__Material provided__.
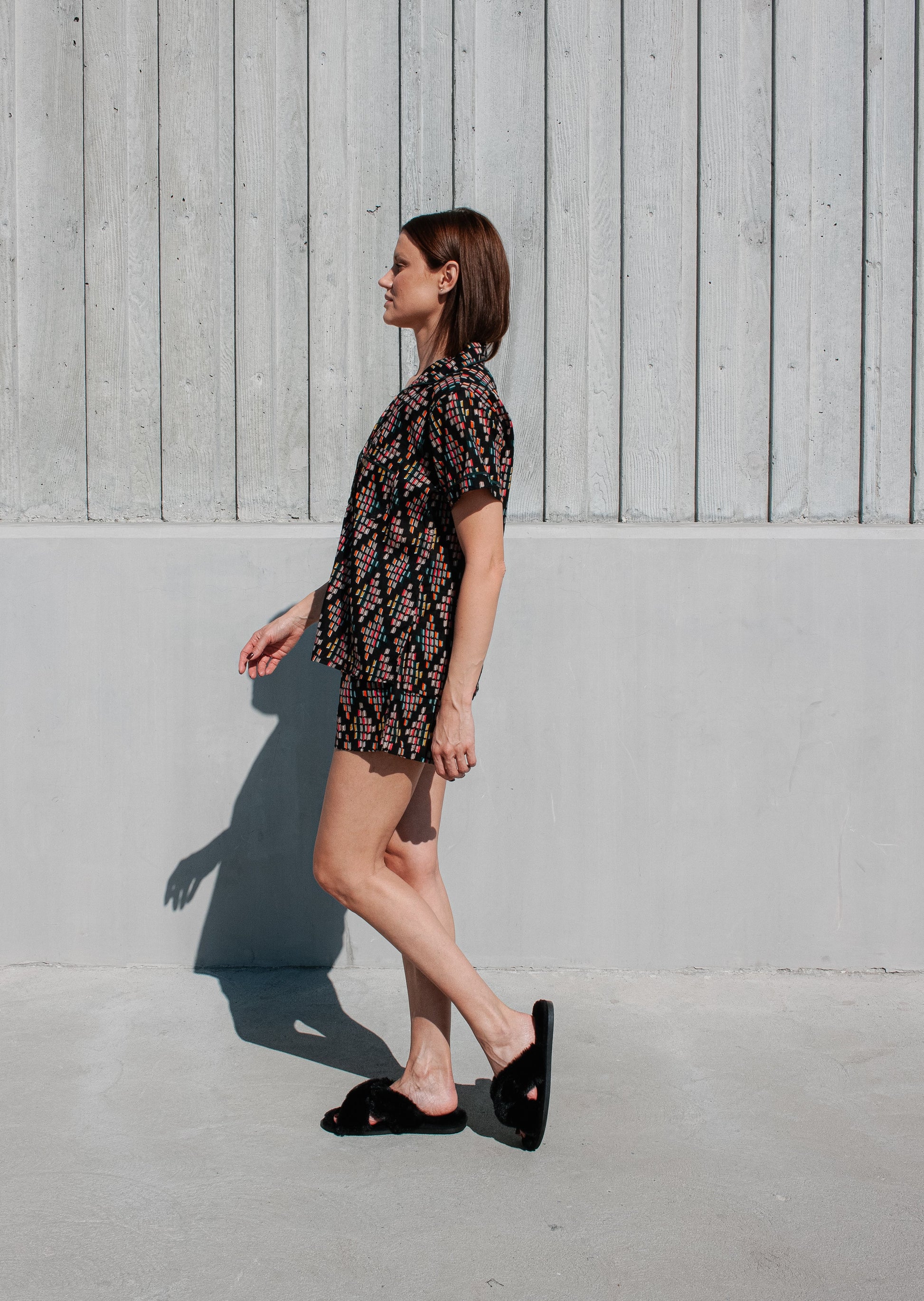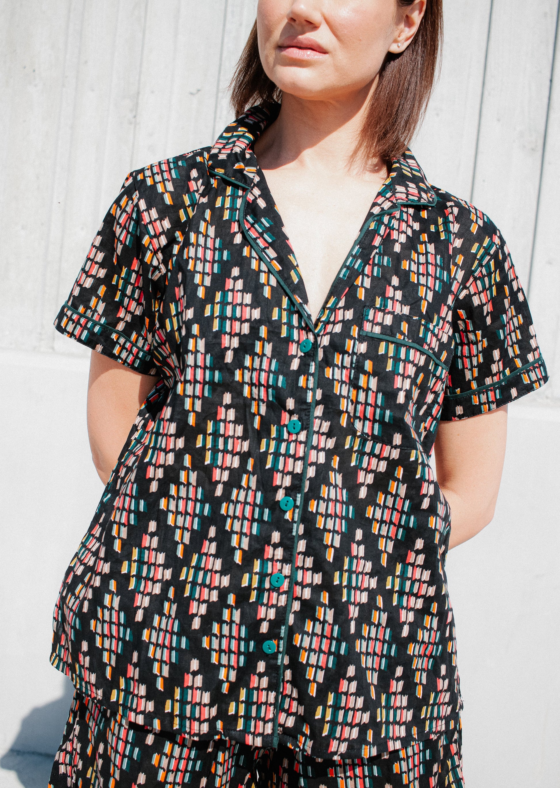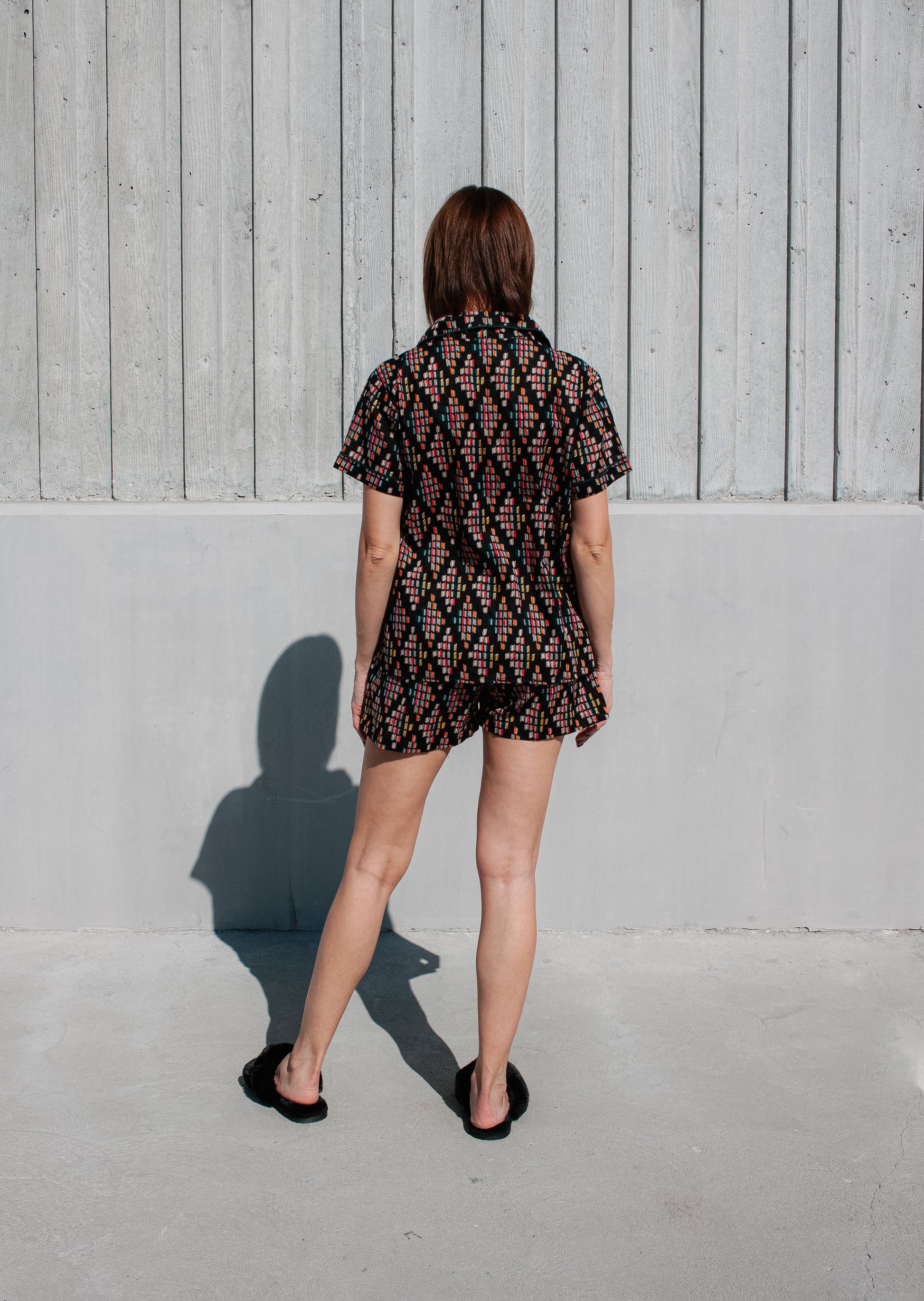 Mandy is sweet like candy. With a short sleeve top and comfy shorts, this sleep set is lovable year-round. Comes with a matching pouch in fun, original prints.
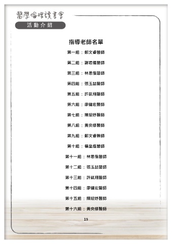 指導老師名單 第一組 : 鄭文睿醫師 第二組 : 謝君儀醫師 第三組 : 林思偕醫師 第四組 : 張玉喆醫師 第五組 : 許凱翔醫師 第六組 : 廖健宏醫師 第七組 : 陳昭妤醫師 第八組 : 黃奕修醫師 第九組 : 鄭文睿醫師 第十組 : 楊皇煜醫師 第十一組 : 林思偕醫師 第十二組 : 張玉喆醫師 第十三組 : 許凱翔醫師 第十四組 : 廖健宏醫師 第十五組 : 陳昭妤醫師 第十六組 : 黃奕修醫師 19
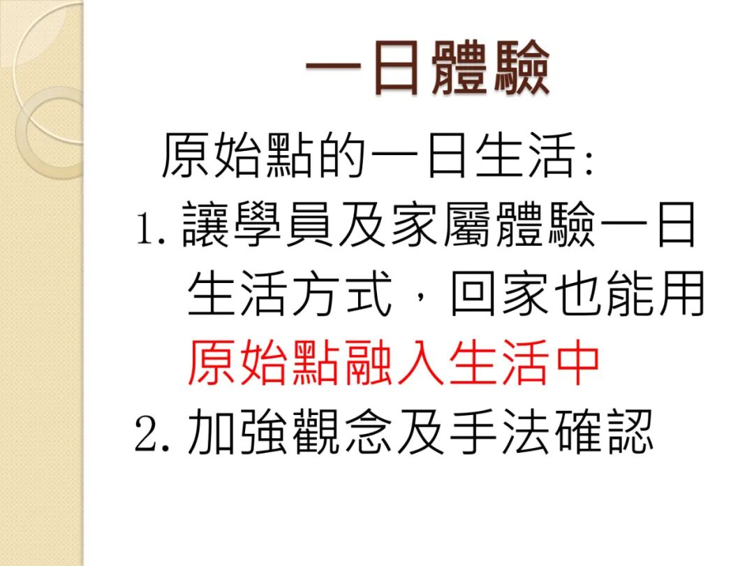 :让学员及家属体验原始点融入日常生活的方式,回家后也能应用。 - 内容
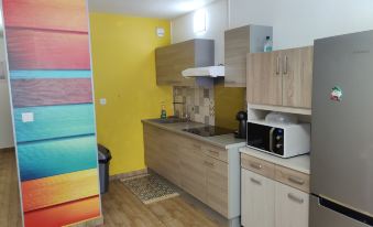 I invite you to stay in a F2 Well equipped with a separate room with a bed for 2 people and a living room. Small terrace
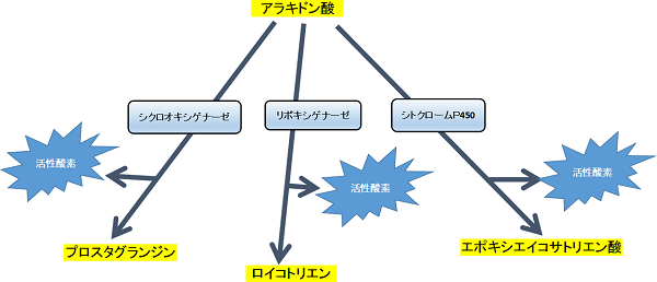 アラキドン酸の代謝の過程で活性酸素が発生する
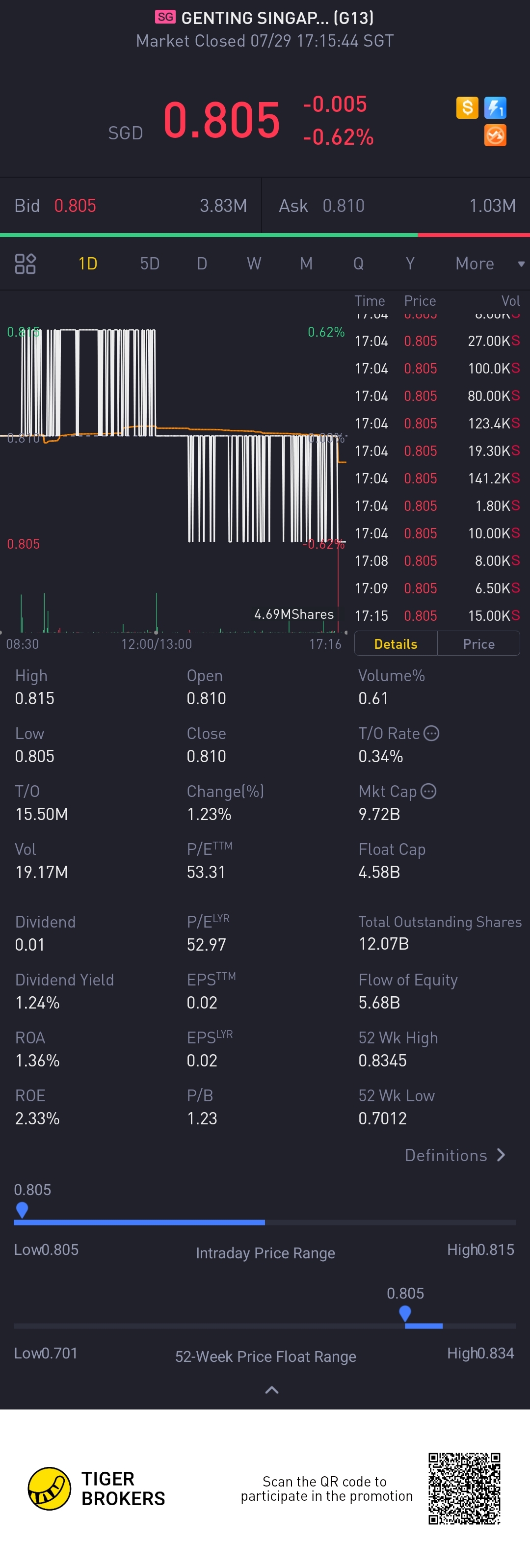 $GENTING SINGAPORE LIMITED(G13.SI)$12 days to results release. Will it be as exciting as $SINGAPORE AIRLINES LTD(C6L.SI)$ or will it show the same problem as $SATS LTD.(S58.SI)$? I am hoping for some good news but if that is the case then it means that SATS have taken some wrong choices along the way.
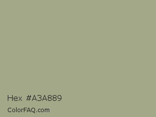Hex #a3a889 Color is a normal yellow color and the nearest color is Tallow #a8a589. Hex code #a3a889 and RGB value is rgb(163,168,137). In RGB color space, this color is composed of 64% red, 66% green, 54% blue, In CMYK color space, this color is composed of 3% cyan, 0% magenta, 18% yellow , 34% black , In HSL color space, this color has a hue angle of 70° , 15% saturation and 60% lightness.
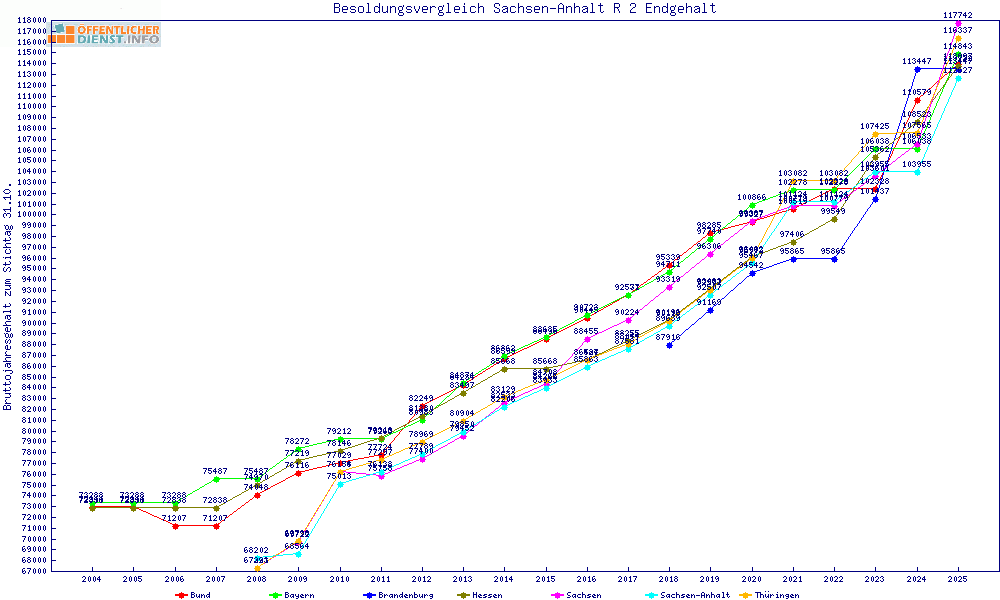 | Besoldungsvergleich R 2 im Jahr 2025 | gemitteltes Gehalt | ||||||
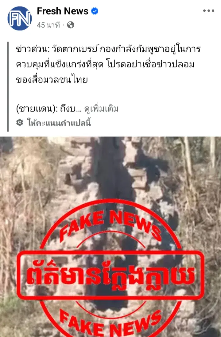แต่ ฝั่งเพจเขมรก็โผล่มาสวนแบบทันที โดยบอกชัดเจนว่าอย่าไปเชื่อข่าวของสื่อไทย เพราะกองกำลังกัมพูชายังควบคุมพื้นที่ได้อย่างแข็งแกร่งสุด ๆ
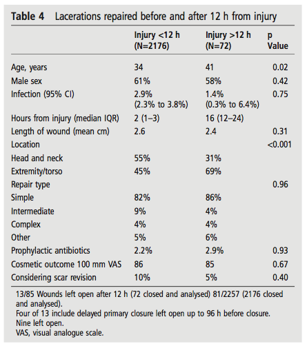 Reference: Quinn JV, Polevoi SK & Kohn MA. Traumatic lacerations: what are the risks for infection and has the ‘golden period’ of laceration care disappeared? EMJ. 2014.
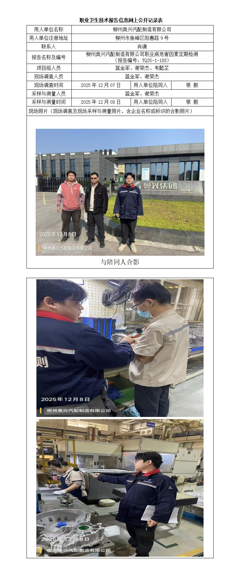 柳州奧興汽配制造有限公司職業(yè)病危害因素定期檢測 (報(bào)告編號(hào):YQ25-1-188)
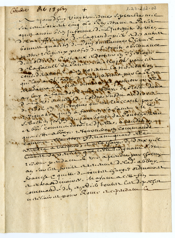 A proposito della lettera di Luigi XIV sulla nomina di Guglielmo Chevrel (1665 novembre 13)
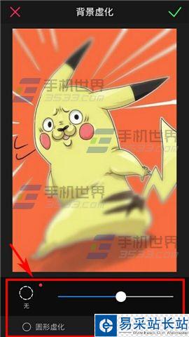 2)下面的編輯欄拉到最后面找到【背景虛化】,然后我們就可以對圖片進行背景虛化處理,可以選擇選擇【圓形虛化】或【直線虛化】,也可以調整虛化的范圍,調整完成后點擊右上角【√】即可保存。(如下圖)
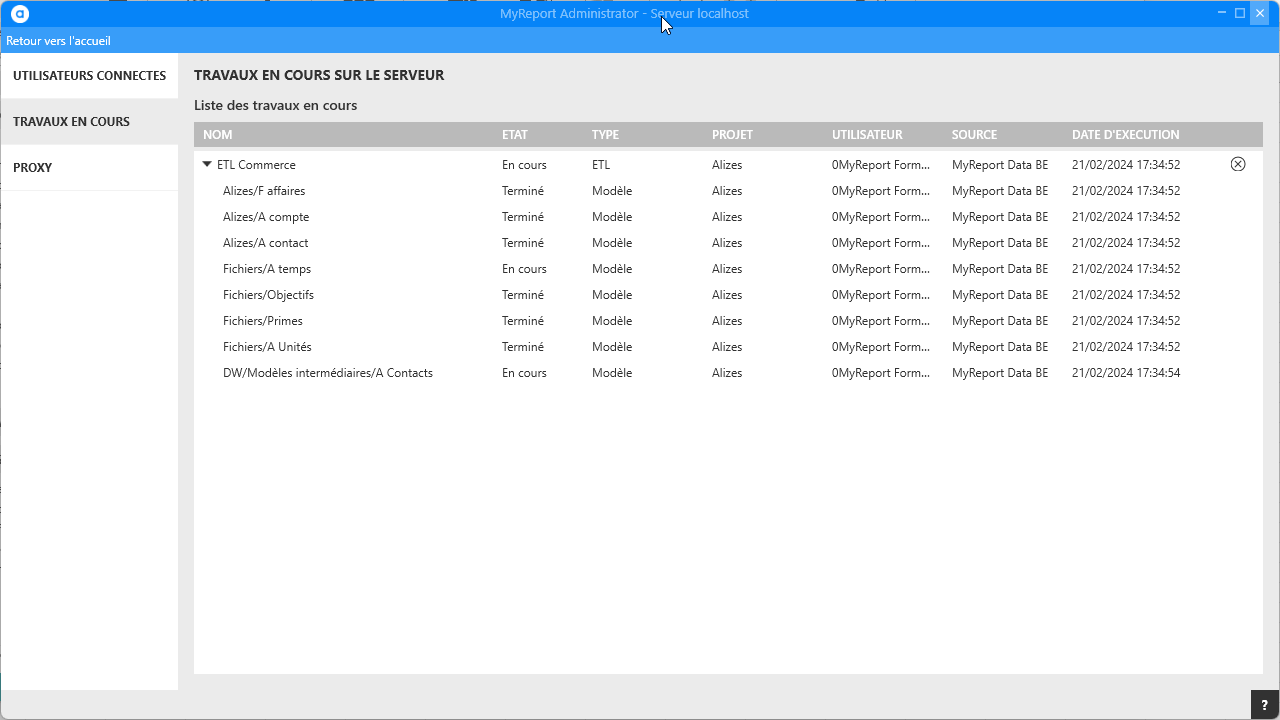 Dans cette fenêtre, vous pourrez voir les travaux en cours d’exécution sur le serveur comme par exemple des ETLs.
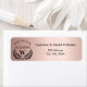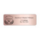 Un mariage enregistrer la date, renvoyer l'étiquette d'adresse. Un arrière - plan rose à l'apparence métallique. Décoré d'une couronne de laurier. Personnalisez et ajoutez votre date mariage, vos noms, votre adresse et votre monogramme familial initial.
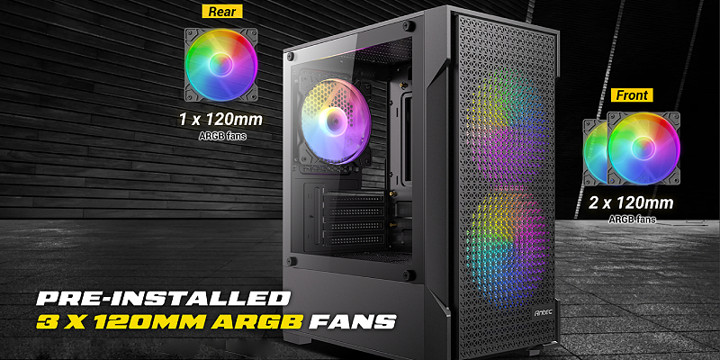 3 מאווררי ARGB בגודל 120 מ"מ מותקנים מראש.
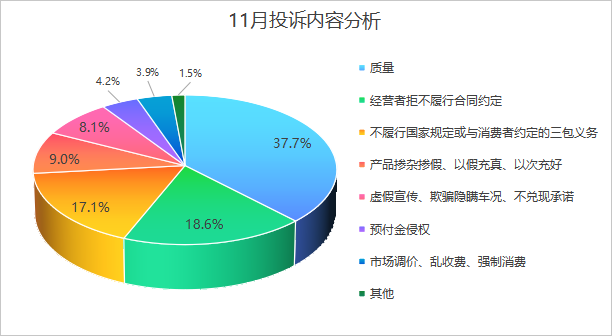 线上交易“风险持续暴露”。二手车直播售车、新车线上预订引发的投诉占比达38%,较10月提升9%,且多涉及跨区域交易,责任主体界定难;
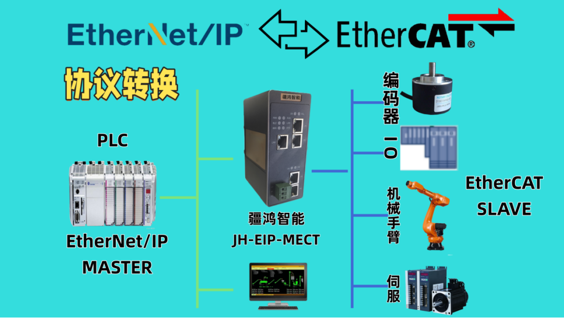 疆鸿智能JH-EIP-MECT型网关EtherNet/IP网络与EtherCAT网络之间的数据通讯,即EtherNet/IP和EtherCAT网络之间无缝内部连接。
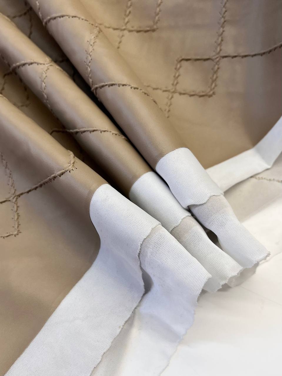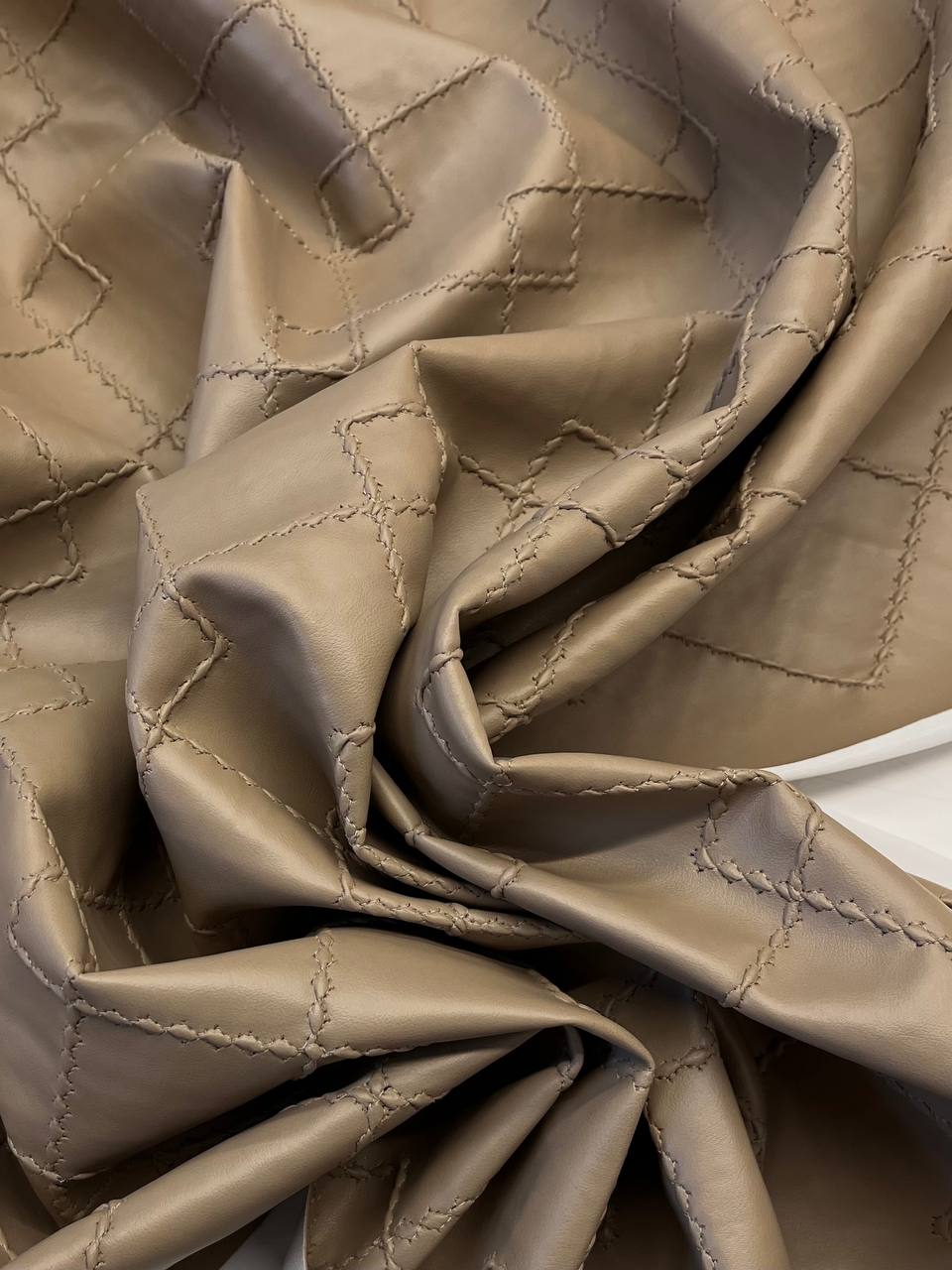 Искусственная кожа с геометричной вышивкой в бежевом цвете

__Your objective__. Copy nothing but the lines from the top of the material through the line holding "Hex #a3a889 Color", exactly as written; omit pictures.

__Answer to the problem__.
 Mandy is sweet like candy. With a short sleeve top and comfy shorts, this sleep set is lovable year-round. Comes with a matching pouch in fun, original prints.
 指導老師名單 第一組 : 鄭文睿醫師 第二組 : 謝君儀醫師 第三組 : 林思偕醫師 第四組 : 張玉喆醫師 第五組 : 許凱翔醫師 第六組 : 廖健宏醫師 第七組 : 陳昭妤醫師 第八組 : 黃奕修醫師 第九組 : 鄭文睿醫師 第十組 : 楊皇煜醫師 第十一組 : 林思偕醫師 第十二組 : 張玉喆醫師 第十三組 : 許凱翔醫師 第十四組 : 廖健宏醫師 第十五組 : 陳昭妤醫師 第十六組 : 黃奕修醫師 19
 :让学员及家属体验原始点融入日常生活的方式,回家后也能应用。 - 内容
 I invite you to stay in a F2 Well equipped with a separate room with a bed for 2 people and a living room. Small terrace
 アラキドン酸の代謝の過程で活性酸素が発生する
 $GENTING SINGAPORE LIMITED(G13.SI)$12 days to results release. Will it be as exciting as $SINGAPORE AIRLINES LTD(C6L.SI)$ or will it show the same problem as $SATS LTD.(S58.SI)$? I am hoping for some good news but if that is the case then it means that SATS have taken some wrong choices along the way.
Hex #a3a889 Color is a normal yellow color and the nearest color is Tallow #a8a589. Hex code #a3a889 and RGB value is rgb(163,168,137). In RGB color space, this color is composed of 64% red, 66% green, 54% blue, In CMYK color space, this color is composed of 3% cyan, 0% magenta, 18% yellow , 34% black , In HSL color space, this color has a hue angle of 70° , 15% saturation and 60% lightness.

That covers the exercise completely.